**Your assignment:** Print the line containing "Собственная пластинка слизистой" and all lines after it, unchanged, through the end of the data. Leave the pictures out.

**Supplied material:**
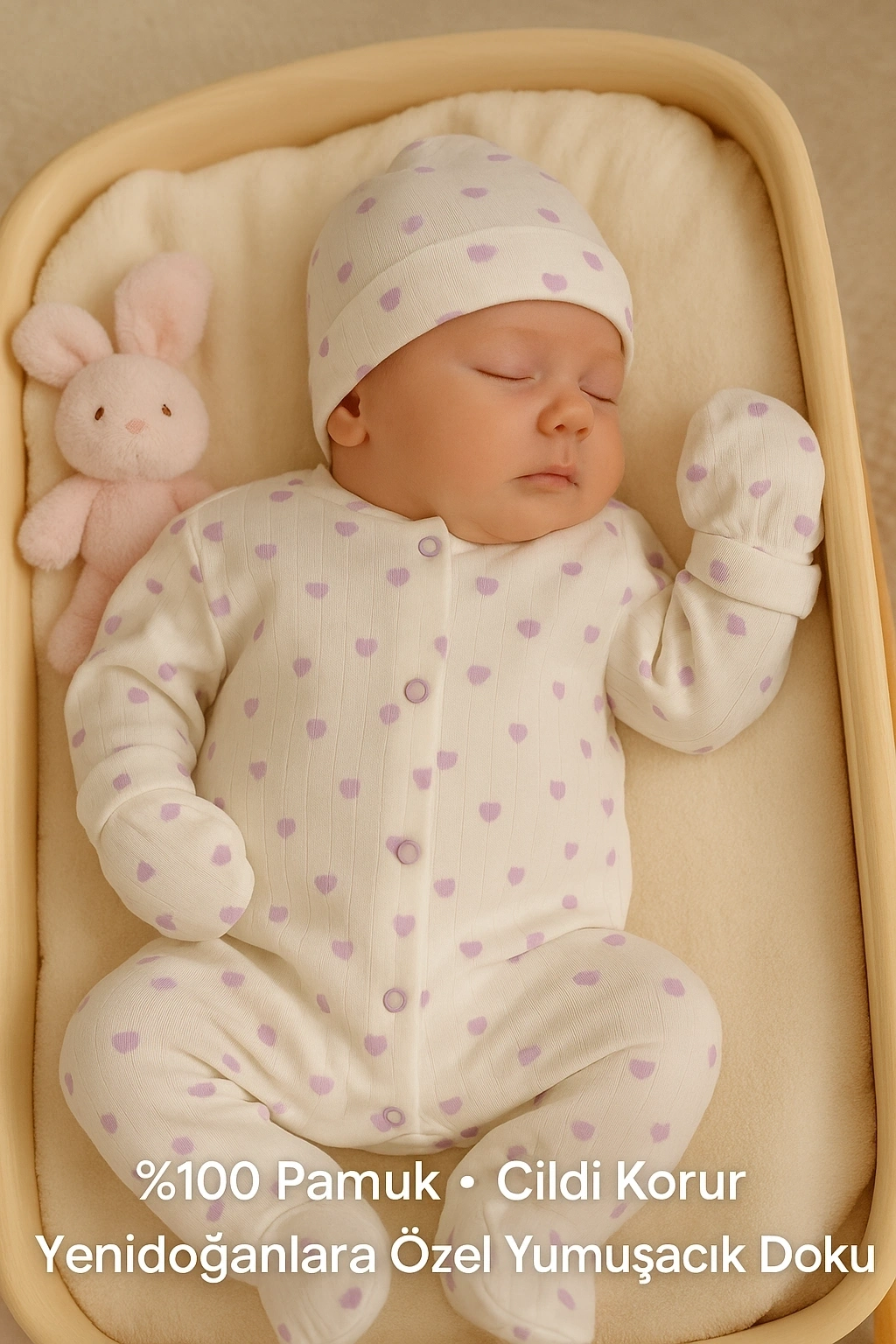 Sevimli Tavşan Figürlü Puantiyeli Bebek 5'li Hastane Çıkışı Seti Pamuk Yenidoğan Zıbın Takımı
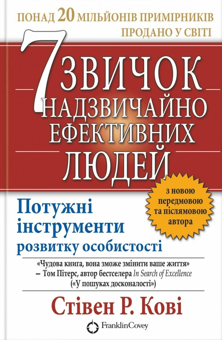 В книзі Стівен Кові розглядає 7 звичок які притаманні людям які досягають значних успіхів у своєму житті. Перечитуючи цю книгу після 13 років - моє враження від неї досі значне.
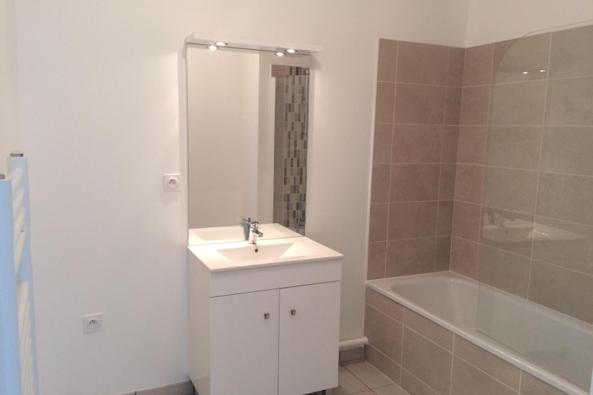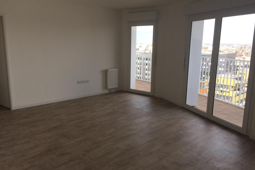 A LOUER GARE SUD- APPARTEMENT T3 de 64m² - A LOUER GARE SUD- APPARTEMENT T3 de 64m², comprenant une entrée, des wc séparés, une pièce de vie avec coin cuisine aménagée et équipé (hotte et plaques), le tout donnant sur un balcon de 34m² filant, un dégagement donnant sur une salle de bains, et deux chambres.
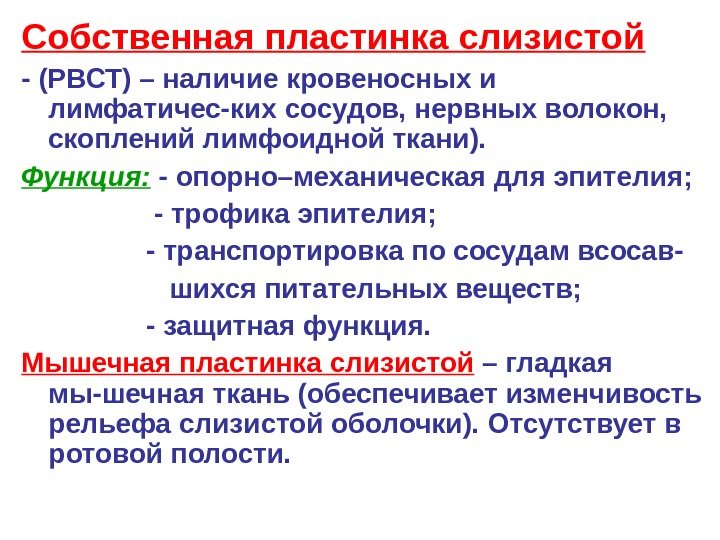 Собственная пластинка слизистой — (РВСТ) – наличие кровеносных и лимфатичес-ких сосудов, нервных волокон, скоплений лимфоидной ткани). Функция: — опорно–механическая для эпителия; — трофика эпителия; — транспортировка по сосудам всосав- шихся питательных веществ; — защитная функция. Мышечная пластинка слизистой – гладкая мы-шечная ткань (обеспечивает изменчивость рельефа слизистой оболочки). Отсутствует в ротовой полости.
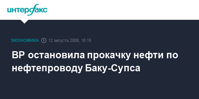 Москва. 12 августа. INTERFAX.RU - BP-Azerbaijan приостановила прокачку нефти по нефтепроводу Баку-Супа, связывающему Азербайджан с грузинским побережьем Черного моря, сообщили агентству "Интерфакс-Азербайджан" в пресс-службе компании.

**Result of this exercise:**
 Собственная пластинка слизистой — (РВСТ) – наличие кровеносных и лимфатичес-ких сосудов, нервных волокон, скоплений лимфоидной ткани). Функция: — опорно–механическая для эпителия; — трофика эпителия; — транспортировка по сосудам всосав- шихся питательных веществ; — защитная функция. Мышечная пластинка слизистой – гладкая мы-шечная ткань (обеспечивает изменчивость рельефа слизистой оболочки). Отсутствует в ротовой полости.
 Москва. 12 августа. INTERFAX.RU - BP-Azerbaijan приостановила прокачку нефти по нефтепроводу Баку-Супа, связывающему Азербайджан с грузинским побережьем Черного моря, сообщили агентству "Интерфакс-Азербайджан" в пресс-службе компании.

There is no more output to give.